WHAT YOU HAVE TO DO:
Pictures in the data should be dropped; transcribe exactly the lines from the one that has "The Spirit of" through the one that has "Should there be".

PROVIDED RECORDS:
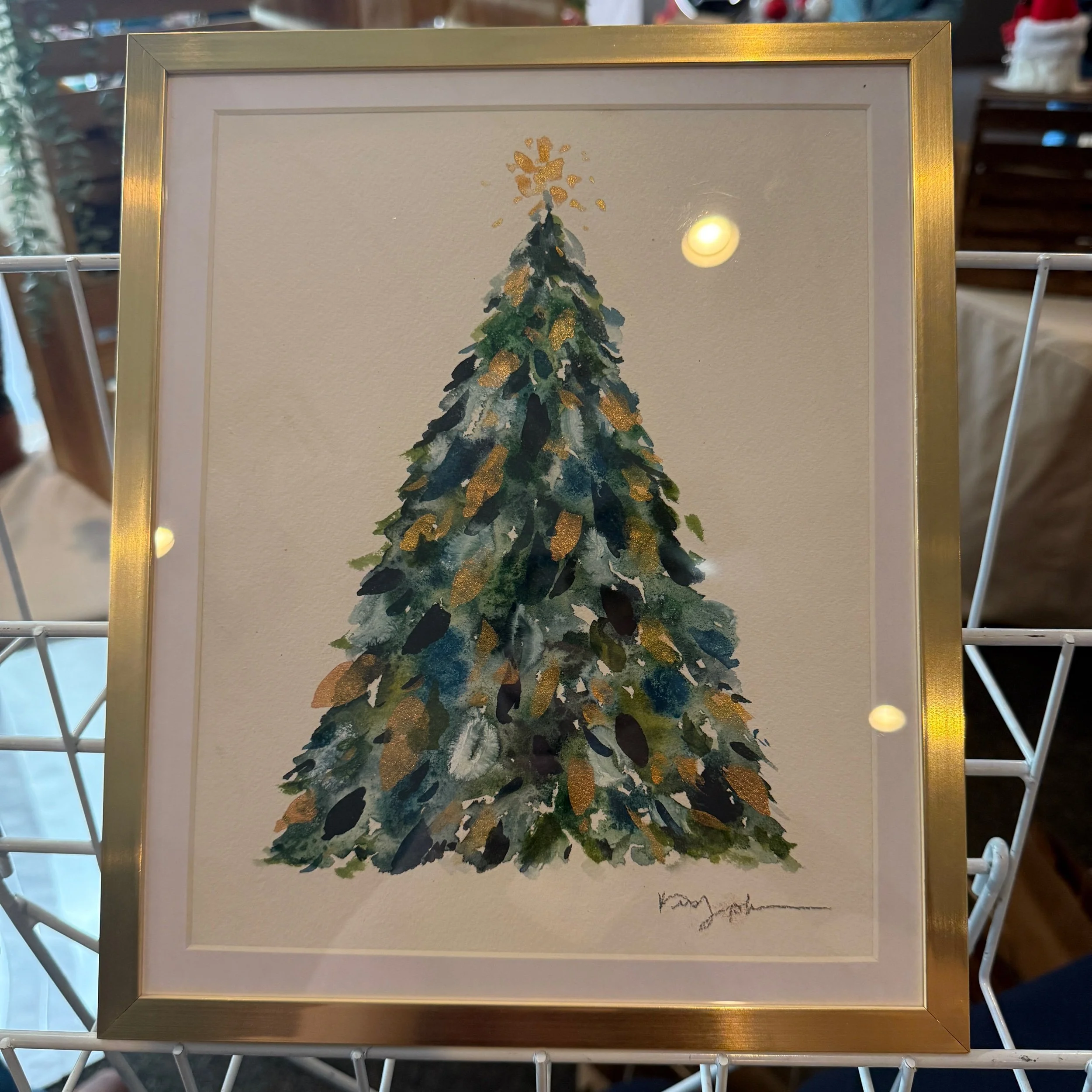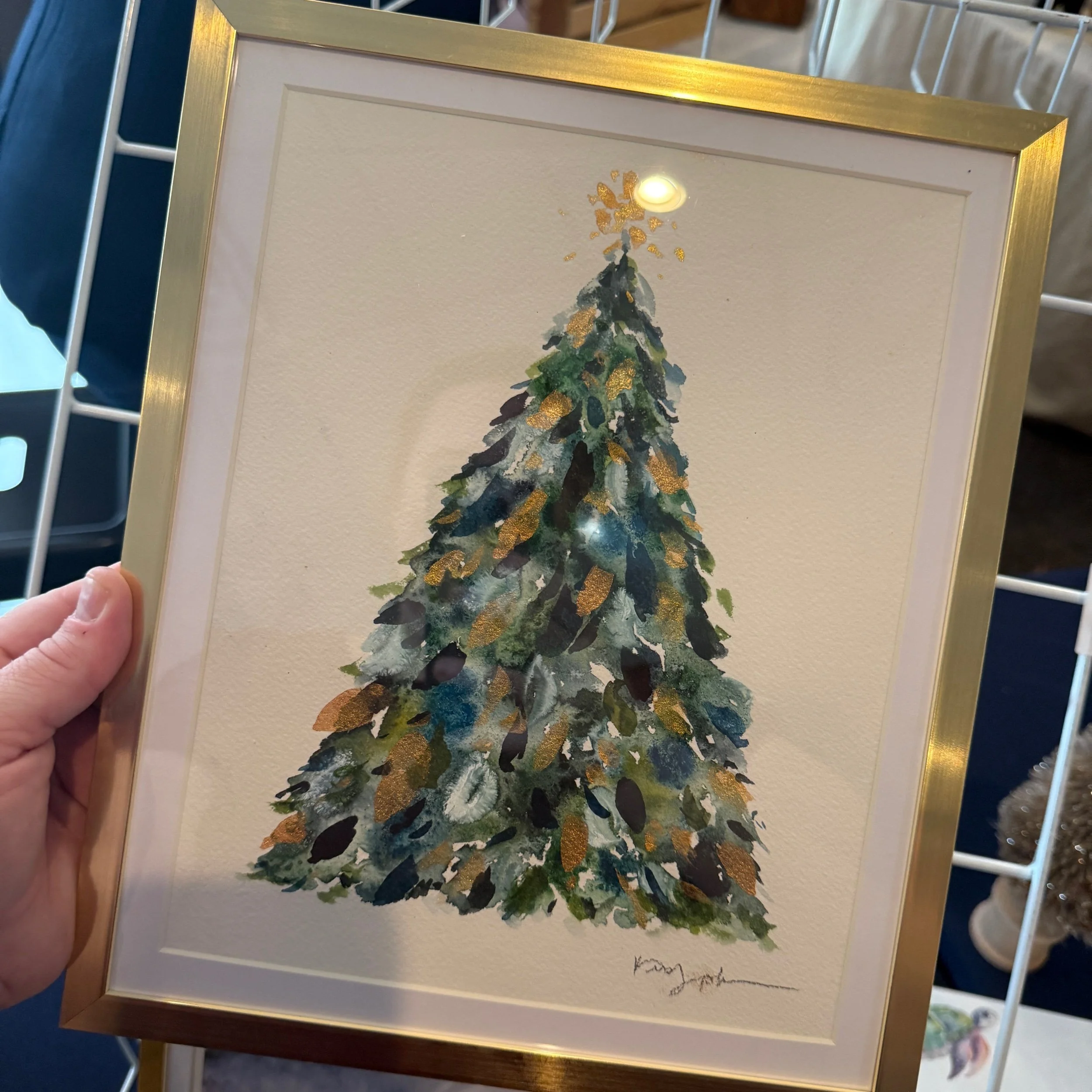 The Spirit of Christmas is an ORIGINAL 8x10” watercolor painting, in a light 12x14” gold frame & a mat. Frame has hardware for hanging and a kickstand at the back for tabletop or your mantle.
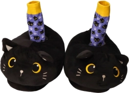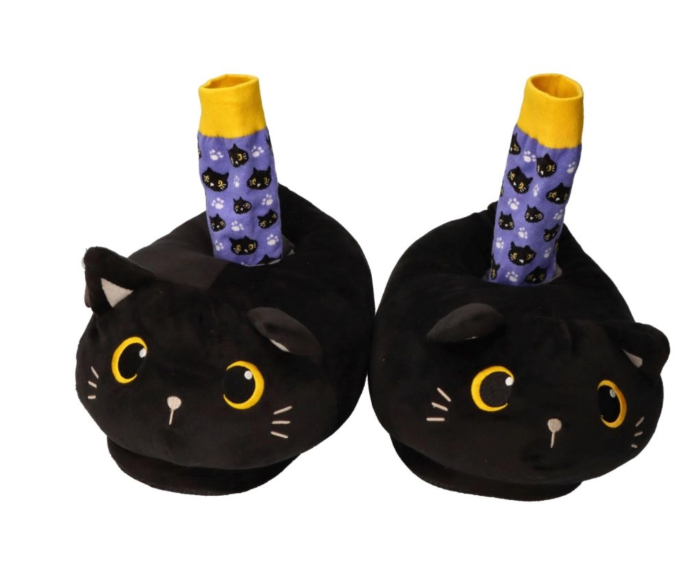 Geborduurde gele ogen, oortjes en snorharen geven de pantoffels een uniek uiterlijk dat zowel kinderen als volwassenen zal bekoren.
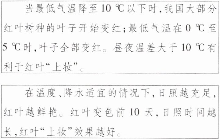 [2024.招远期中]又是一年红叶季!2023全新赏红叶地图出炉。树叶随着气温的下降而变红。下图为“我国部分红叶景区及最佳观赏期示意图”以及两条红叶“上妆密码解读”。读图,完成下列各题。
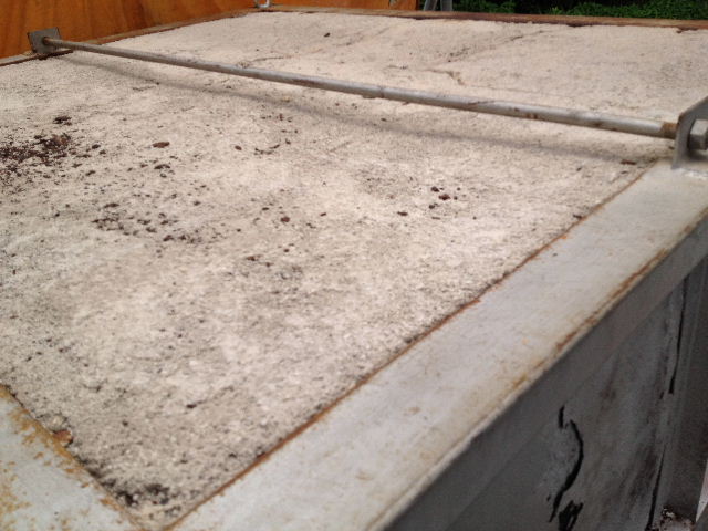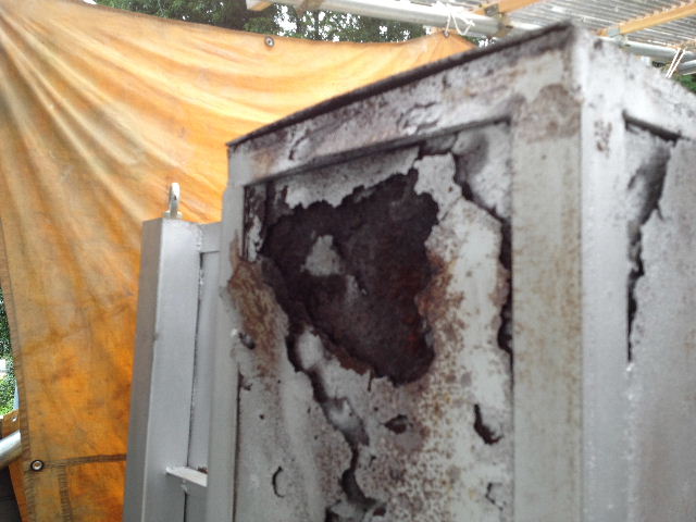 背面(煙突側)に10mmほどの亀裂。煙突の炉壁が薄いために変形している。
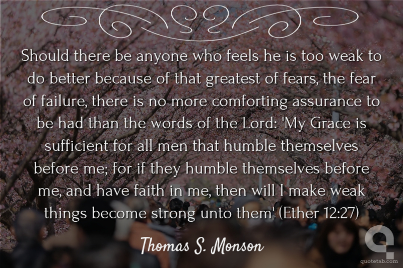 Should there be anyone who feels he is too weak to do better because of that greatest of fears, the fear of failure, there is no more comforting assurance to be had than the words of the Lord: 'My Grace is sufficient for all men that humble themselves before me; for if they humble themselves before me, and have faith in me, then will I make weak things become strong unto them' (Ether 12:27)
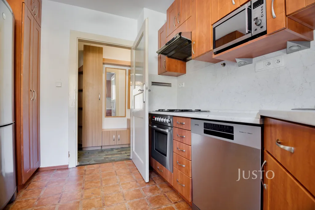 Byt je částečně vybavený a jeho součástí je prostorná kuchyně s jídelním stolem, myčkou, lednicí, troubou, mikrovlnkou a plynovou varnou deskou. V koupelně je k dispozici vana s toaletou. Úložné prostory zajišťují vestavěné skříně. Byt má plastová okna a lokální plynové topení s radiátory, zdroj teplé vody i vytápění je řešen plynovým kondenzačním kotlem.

...

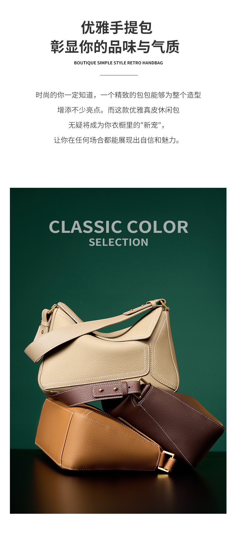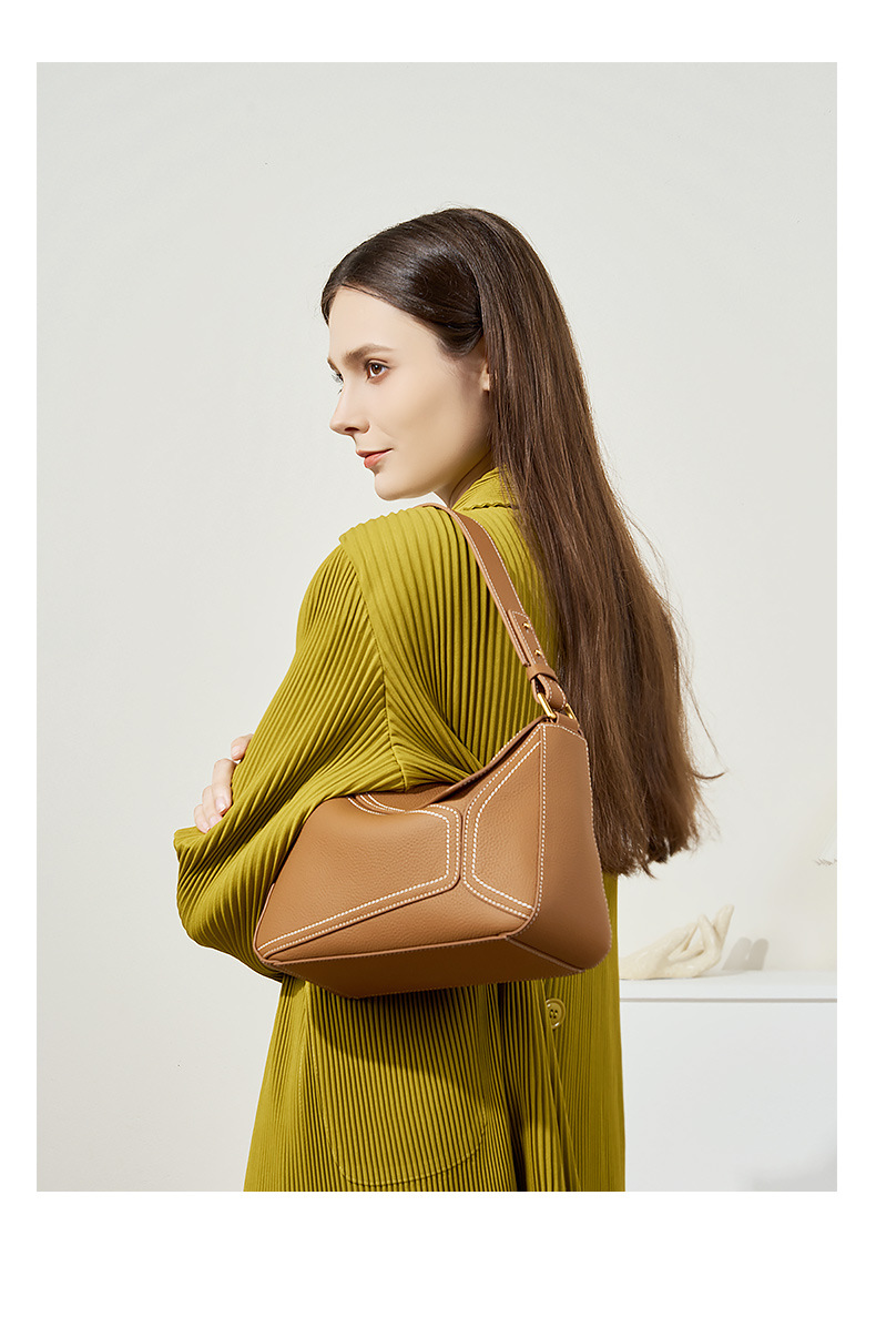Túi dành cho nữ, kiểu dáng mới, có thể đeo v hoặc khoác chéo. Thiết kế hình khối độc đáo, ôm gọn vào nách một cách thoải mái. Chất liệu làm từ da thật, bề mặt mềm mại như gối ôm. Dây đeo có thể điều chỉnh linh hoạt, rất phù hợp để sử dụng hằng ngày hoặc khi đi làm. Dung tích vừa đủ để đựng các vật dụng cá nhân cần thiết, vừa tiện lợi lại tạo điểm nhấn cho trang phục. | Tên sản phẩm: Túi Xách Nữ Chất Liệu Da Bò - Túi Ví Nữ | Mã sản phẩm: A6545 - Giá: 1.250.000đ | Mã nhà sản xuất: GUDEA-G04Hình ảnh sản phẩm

SOLUTION BELOW:
 The Spirit of Christmas is an ORIGINAL 8x10” watercolor painting, in a light 12x14” gold frame & a mat. Frame has hardware for hanging and a kickstand at the back for tabletop or your mantle.
 Geborduurde gele ogen, oortjes en snorharen geven de pantoffels een uniek uiterlijk dat zowel kinderen als volwassenen zal bekoren.
 [2024.招远期中]又是一年红叶季!2023全新赏红叶地图出炉。树叶随着气温的下降而变红。下图为“我国部分红叶景区及最佳观赏期示意图”以及两条红叶“上妆密码解读”。读图,完成下列各题。
 背面(煙突側)に10mmほどの亀裂。煙突の炉壁が薄いために変形している。
 Should there be anyone who feels he is too weak to do better because of that greatest of fears, the fear of failure, there is no more comforting assurance to be had than the words of the Lord: 'My Grace is sufficient for all men that humble themselves before me; for if they humble themselves before me, and have faith in me, then will I make weak things become strong unto them' (Ether 12:27)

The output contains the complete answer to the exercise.